[AVAILABLE DATA]

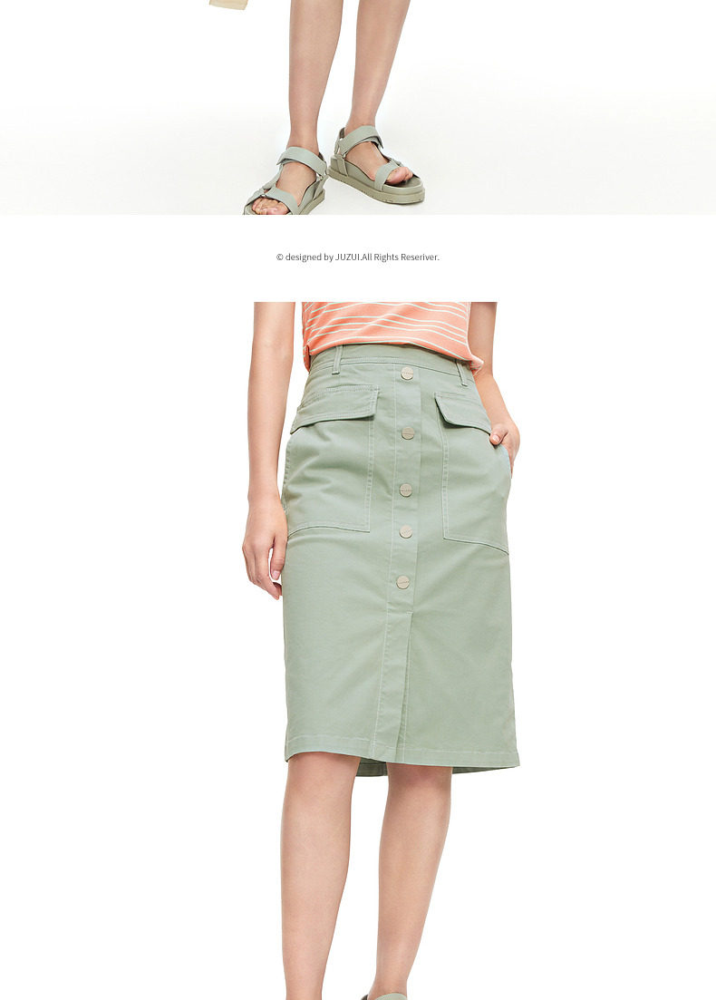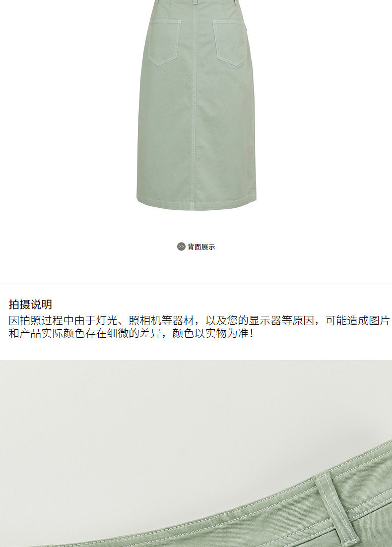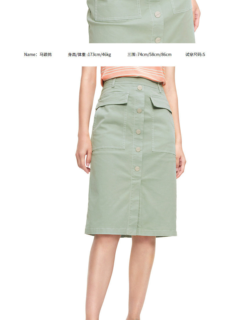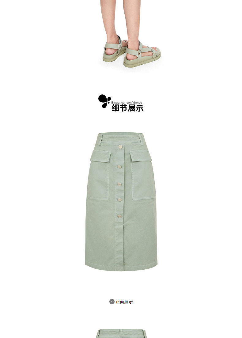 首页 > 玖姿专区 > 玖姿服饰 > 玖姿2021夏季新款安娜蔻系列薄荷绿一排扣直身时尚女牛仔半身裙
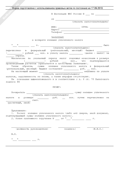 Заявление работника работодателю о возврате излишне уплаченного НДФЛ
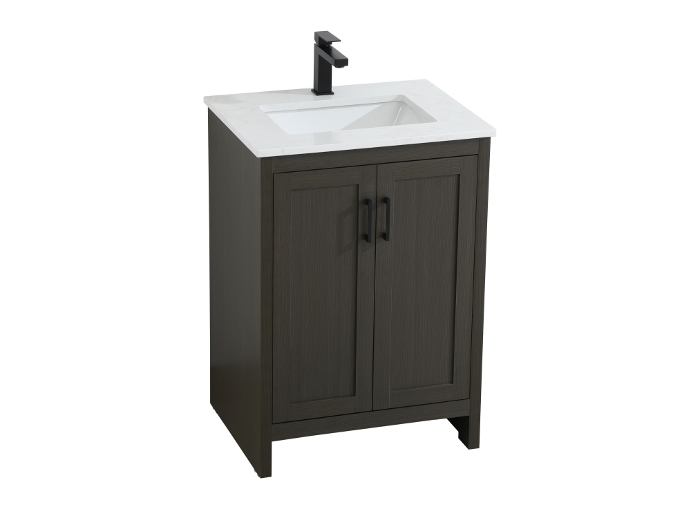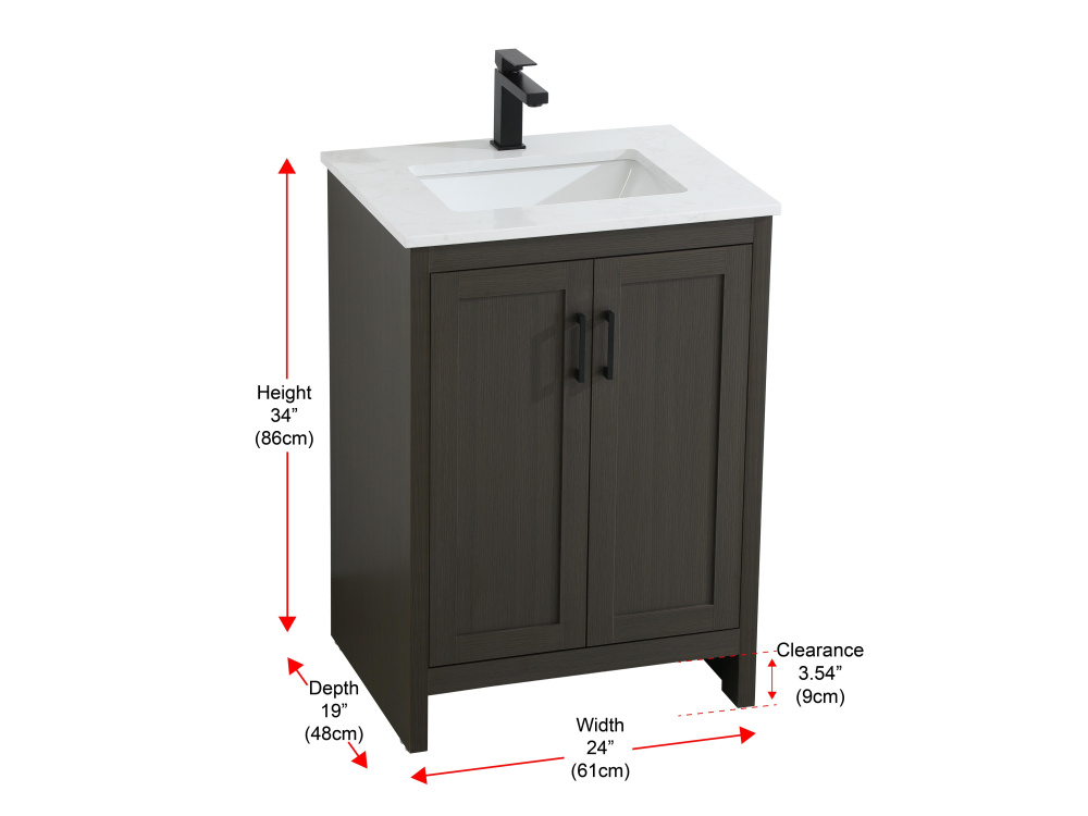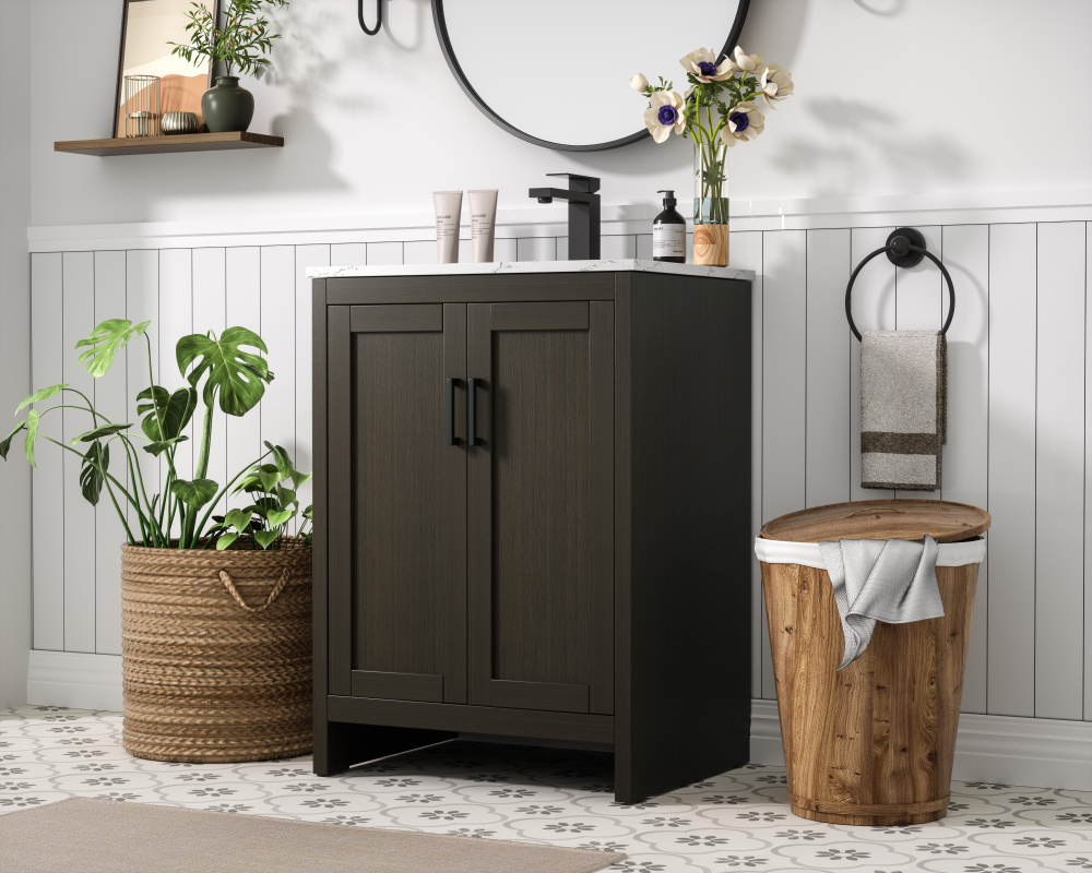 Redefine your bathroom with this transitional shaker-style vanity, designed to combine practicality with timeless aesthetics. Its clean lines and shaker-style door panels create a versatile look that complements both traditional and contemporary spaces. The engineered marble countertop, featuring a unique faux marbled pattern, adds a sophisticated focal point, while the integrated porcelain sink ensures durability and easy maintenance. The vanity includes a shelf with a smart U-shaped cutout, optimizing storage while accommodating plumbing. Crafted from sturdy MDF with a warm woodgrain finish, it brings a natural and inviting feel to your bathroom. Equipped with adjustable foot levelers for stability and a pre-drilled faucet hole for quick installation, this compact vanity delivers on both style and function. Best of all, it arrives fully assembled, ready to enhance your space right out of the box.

[REQUIRED ACTION] Please print exactly the lines from the one holding "Заявление работника работодателю" through the final line of the data above, including both, and skip all pictures.

[WRITTEN ANSWER]
 Заявление работника работодателю о возврате излишне уплаченного НДФЛ
 Redefine your bathroom with this transitional shaker-style vanity, designed to combine practicality with timeless aesthetics. Its clean lines and shaker-style door panels create a versatile look that complements both traditional and contemporary spaces. The engineered marble countertop, featuring a unique faux marbled pattern, adds a sophisticated focal point, while the integrated porcelain sink ensures durability and easy maintenance. The vanity includes a shelf with a smart U-shaped cutout, optimizing storage while accommodating plumbing. Crafted from sturdy MDF with a warm woodgrain finish, it brings a natural and inviting feel to your bathroom. Equipped with adjustable foot levelers for stability and a pre-drilled faucet hole for quick installation, this compact vanity delivers on both style and function. Best of all, it arrives fully assembled, ready to enhance your space right out of the box.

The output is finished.